Once you get that figured out make sure you score the ply to get a nice neat job.


----------



## Dagobah (Aug 1, 2016)

> So it seems like it s a stopped dado (that is, it doesn t continue all the way through to the front or back of the board), which means you re leaving a semicircular end on one or both sides. If that s the case, then a 1/4", or better yet a 3/8 inch chisel will do the trick for squaring the ends.


Yes, this is exactly the problem. Thanks!


----------



## Dagobah (Aug 1, 2016)

> You can use one of these.
> 
> http://www.rockler.com/corner-mortising-chisel?utm_source=google&utm_medium=cpc&utm_term=&utm_content=pla&utm_campaign=PL&sid=V9146&gclid=COWb4L24ztACFZU1aQodg_wK0g


It's a 3/8" deep dado, can't tell if this would work well for that or not.


----------



## pintodeluxe (Sep 12, 2010)

When I make stopped dados, I usually notch the shelf (or tenoned part) so the dado is hidden. That way you don't need to square up the end of the dado.

If you do need to square it up, any bench chisel will work.


----------



## brtech (May 26, 2010)

Any kind of bench chisel will work, even the cheapo Harbor Freight plastic handle ones. It should be wide enough to enter the dado. I'd probably use my 1/2", even though it would be cutting both sides of the dado when used at the far end. I find that a wider chisel is easier to keep straight.
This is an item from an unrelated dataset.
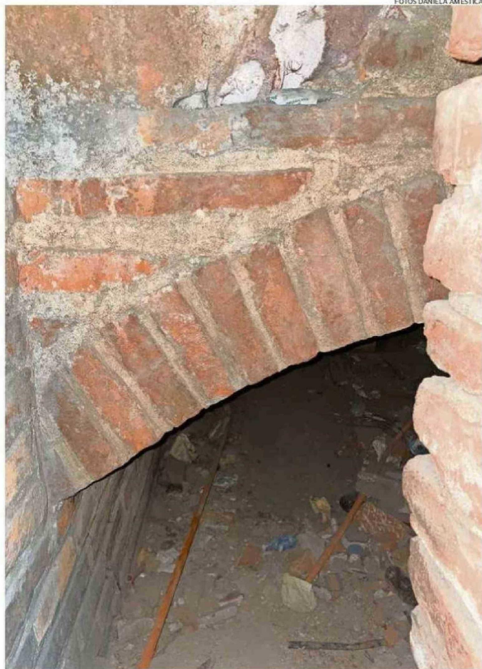
TÚNEL BAJO UN EDIFICIO DE SANTIAGO, EL PRIMERO QUE VISITÓ LA AUTORA.

La autora así llega al exCongreso, donde antes estuvo la Iglesia de la Compañía de Jesús, que a mediados del siglo
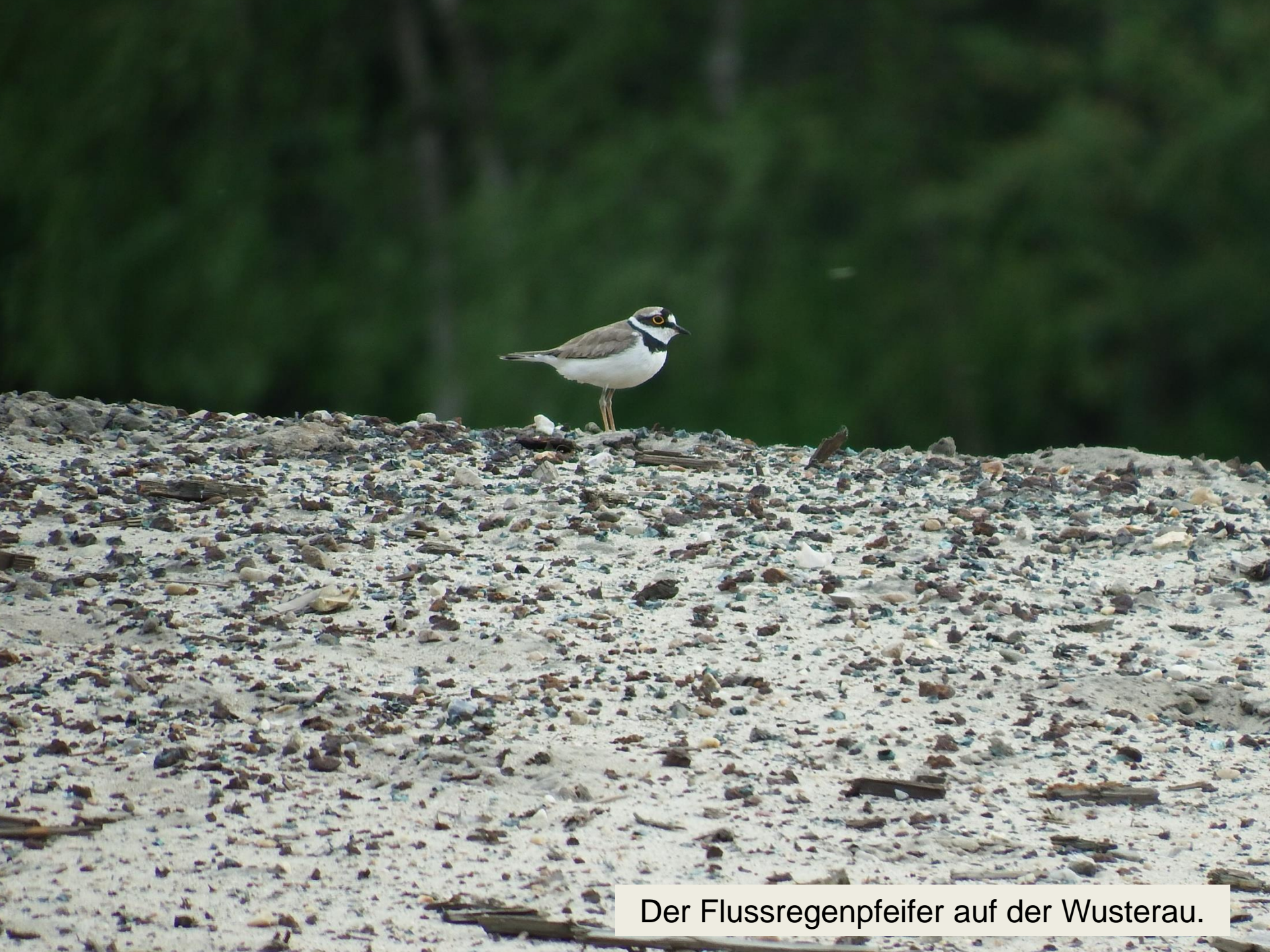
Der Flussregenpfeifer auf der Wusterau.

What would be very helpful is if the chisel was very sharp, which most new chisels aren't. Lots of advice here in LJs on how to sharpen a chisel. You can do it with sandpaper on your tablesaw top freehand, although a jig does help. A very sharp chisel makes this task very easy, and a dull one makes it hard and gets a sloppy result.
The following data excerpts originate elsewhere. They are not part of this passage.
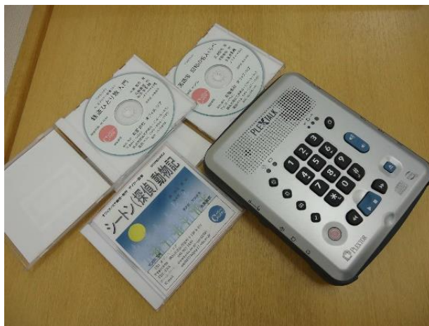
で い じ - さ い せ い せ ん よ う き き DAISY再生専用機器『プレクストーク』

い す み し ざ い じ ゅ う か た せ ん よ う き き こ う に ゆ う ば あ い し き ゅ う ぶ 和泉市在住の方が専用機器を購入する場合、市から給付を う 受けることができますので(自己負担1割)、市役所障がい ふ く し か そ う だ ん で ん わ 福祉課にご相談ください。(電話：99-8133)
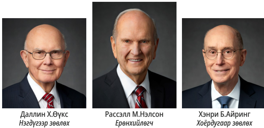
Даллин Х.Өүкс Нэгдүгээр зөвлөх Рассэлл М.Нэлсон Ерөнхийлөгч Хэнри Б.Айринг Хоёрдугаар зөвлөх
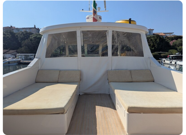
Toy Tender 47 cockpit sunpad
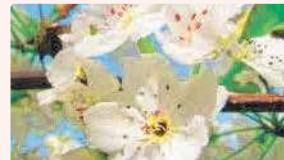
ナシ | 4月上旬～中旬
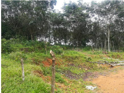
(കൂരോപ്പട വില്ലേജിലുള്ള 1 ഏക്കർ 83 സെന്റ് സ്ഥലം)
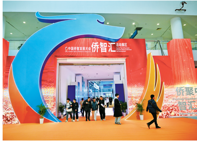
12月20日,参观者走出第一届中国侨智发展大会“侨智汇”活动展区。

当日,第一届中国侨智发展大会在福州开幕。来自37个国家和地区的千余名海内外嘉宾参会,并围绕重点领域侨界人才和经济发展开展交流合作。
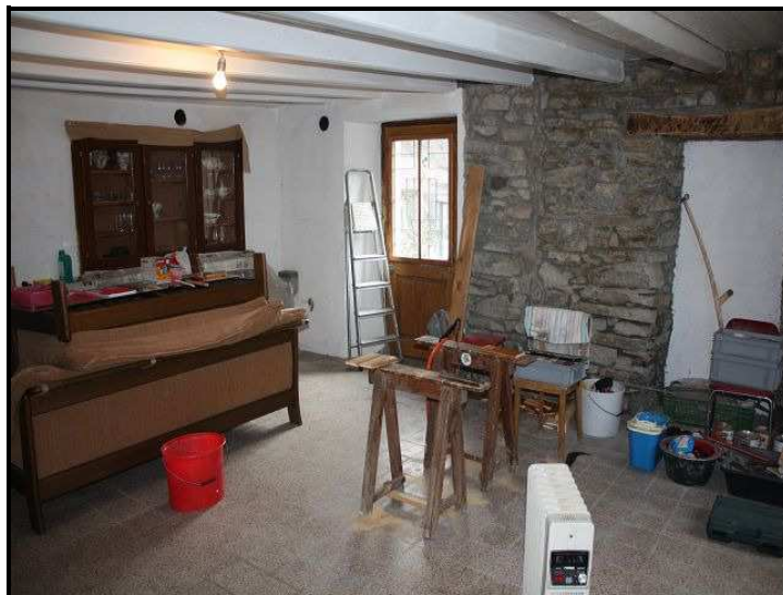
Soggiorno PT / Wohnraum im Erdgeschoss
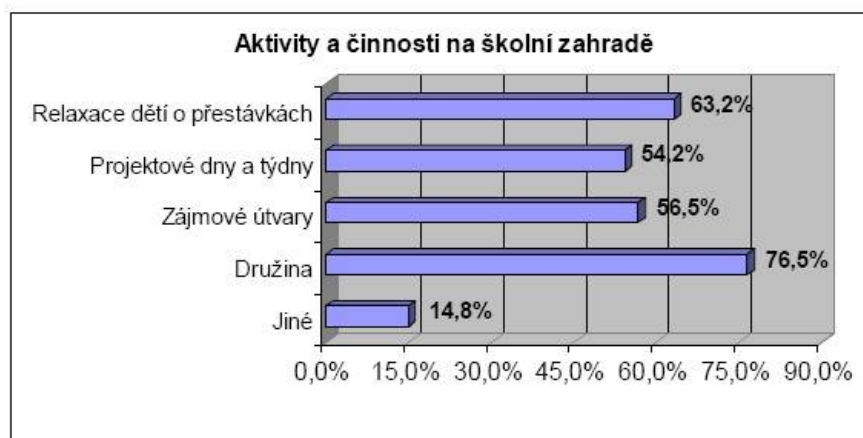
Graf III – Aktivity a činnosti na školní zahradě (Baueršimová, 2007).
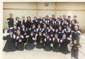
ホワイトハンドコーラス
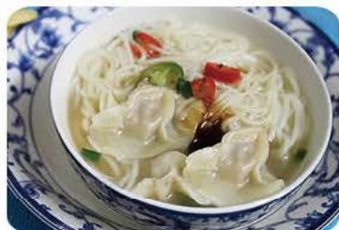
Suppe med dumpling (med kongerejer i) og nudler Soup with dumplings (with king prawns) and noodles
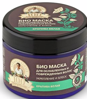
Маска для волос
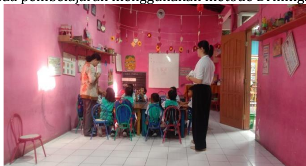
Gambar 1. Pembelajaran menggunakan metode Drilling

Metode drill dengan berbantuan media sosial Youtube mampu memberkan gambaran, mengarahkan lewat tutorial yang diberikan oleh Youtube tersebut. Dalam
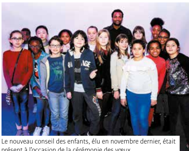
Le nouveau conseil des enfants, élu en novembre dernier, était présent à l'occasion de la cérémonie des vœux.

2018 sera également marquée par la commémoration du centenaire de la 1 ère Guerre Mondiale. Nous espérons que nos amis du Landkreis de Wolfenbüttel seront avec nous pour cette célébration qui affirmera aussi notre attachement à l'Europe unie et solidaire. »
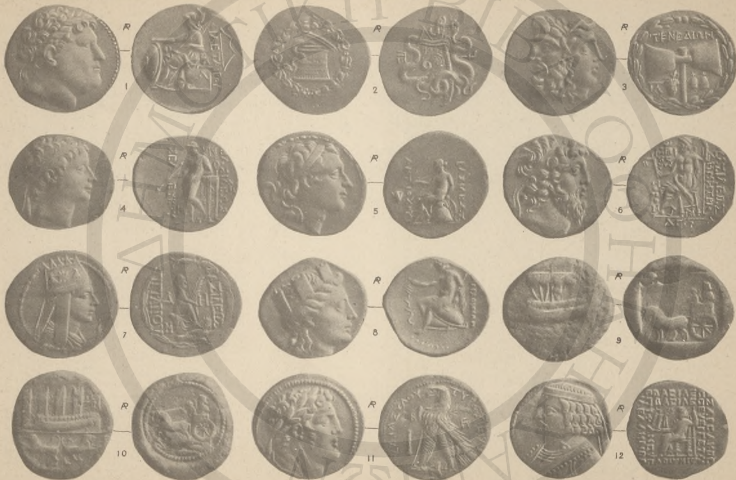
ΜΥΣΙΑ, 1-2, (ΚΒ: ΚΔ: ΛΒ:) ΝΗΣΟΙ ΤΡΩΑΔΟΣ, 3, ΞΥΡΙΑ, 4-7, (ΚΙ: ΚΗ: ΛΓ:). ΦΟΙΝΙΚΗ, 8-11, (ΚΗ: ΛΓ:). ΠΑΡΘΙΑ, 12, (ΚΗ: Λ).

Using the scoring technique as MrFid suggests is really a good idea, especially if you will be able to see that joint on the finished piece. You may find it helpful to put a block of wood behind the chisel to help you keep it vertical, or even something with an L shape to hold it vertical and perpendicular to the dado.
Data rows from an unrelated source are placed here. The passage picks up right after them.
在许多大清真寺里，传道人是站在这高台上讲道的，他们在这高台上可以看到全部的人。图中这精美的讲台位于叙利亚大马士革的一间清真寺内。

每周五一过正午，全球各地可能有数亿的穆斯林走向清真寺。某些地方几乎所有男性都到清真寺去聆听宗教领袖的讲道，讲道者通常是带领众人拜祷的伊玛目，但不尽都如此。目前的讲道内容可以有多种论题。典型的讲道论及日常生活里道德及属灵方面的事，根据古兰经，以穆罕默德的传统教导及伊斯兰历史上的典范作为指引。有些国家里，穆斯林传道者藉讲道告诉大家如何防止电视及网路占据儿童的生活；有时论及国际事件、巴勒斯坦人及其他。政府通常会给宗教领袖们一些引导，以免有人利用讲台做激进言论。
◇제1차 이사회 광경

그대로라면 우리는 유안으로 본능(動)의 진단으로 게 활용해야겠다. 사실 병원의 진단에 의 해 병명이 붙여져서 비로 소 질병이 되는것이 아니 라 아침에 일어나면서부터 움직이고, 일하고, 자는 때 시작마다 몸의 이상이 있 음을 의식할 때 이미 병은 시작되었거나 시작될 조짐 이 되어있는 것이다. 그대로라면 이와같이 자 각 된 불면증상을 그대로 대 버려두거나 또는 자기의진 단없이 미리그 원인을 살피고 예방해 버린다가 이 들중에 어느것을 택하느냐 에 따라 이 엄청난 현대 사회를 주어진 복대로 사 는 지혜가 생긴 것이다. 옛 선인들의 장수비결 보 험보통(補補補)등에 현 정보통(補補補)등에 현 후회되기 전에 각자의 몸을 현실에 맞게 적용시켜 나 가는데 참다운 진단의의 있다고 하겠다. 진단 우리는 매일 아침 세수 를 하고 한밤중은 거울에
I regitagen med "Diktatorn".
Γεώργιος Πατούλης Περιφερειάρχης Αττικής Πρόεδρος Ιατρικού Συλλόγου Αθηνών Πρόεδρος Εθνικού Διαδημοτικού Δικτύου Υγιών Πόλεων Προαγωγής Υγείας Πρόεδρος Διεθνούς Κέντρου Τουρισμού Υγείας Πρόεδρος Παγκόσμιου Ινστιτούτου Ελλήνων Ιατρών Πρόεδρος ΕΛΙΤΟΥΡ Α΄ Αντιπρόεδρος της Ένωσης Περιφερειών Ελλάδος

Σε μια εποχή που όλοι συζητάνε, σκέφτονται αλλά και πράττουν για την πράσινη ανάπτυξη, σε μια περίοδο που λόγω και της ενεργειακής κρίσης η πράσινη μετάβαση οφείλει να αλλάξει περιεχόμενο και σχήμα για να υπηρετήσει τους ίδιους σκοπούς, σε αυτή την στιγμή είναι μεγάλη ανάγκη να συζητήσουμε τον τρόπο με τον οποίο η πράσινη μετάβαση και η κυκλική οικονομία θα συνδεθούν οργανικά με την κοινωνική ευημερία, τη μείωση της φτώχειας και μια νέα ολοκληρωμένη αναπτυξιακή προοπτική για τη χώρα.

For the first cut, you may be able to push down with your hands. The first cut determines what the surface will look like, so make it not too deep, like less than 1/4". You can use a mallet for most of it. Take smaller bites, and then pare the wood away from the inside unless it cuts easily with a mallet tap or two. Better to be a bit lower than the dado than have it stick up.


----------



## Dagobah (Aug 1, 2016)

> Any kind of bench chisel will work, even the cheapo Harbor Freight plastic handle ones. It should be wide enough to enter the dado. I d probably use my 1/2", even though it would be cutting both sides of the dado when used at the far end. I find that a wider chisel is easier to keep straight.
> 
> What would be very helpful is if the chisel was very sharp, which most new chisels aren t. Lots of advice here in LJs on how to sharpen a chisel. You can do it with sandpaper on your tablesaw top freehand, although a jig does help. A very sharp chisel makes this task very easy, and a dull one makes it hard and gets a sloppy result.
> 
> ...


Thanks, this was extremely helpful. I was hoping I'd be able to buy a sharp-ready chisel, but I suppose it's time I learned that skill as well.


----------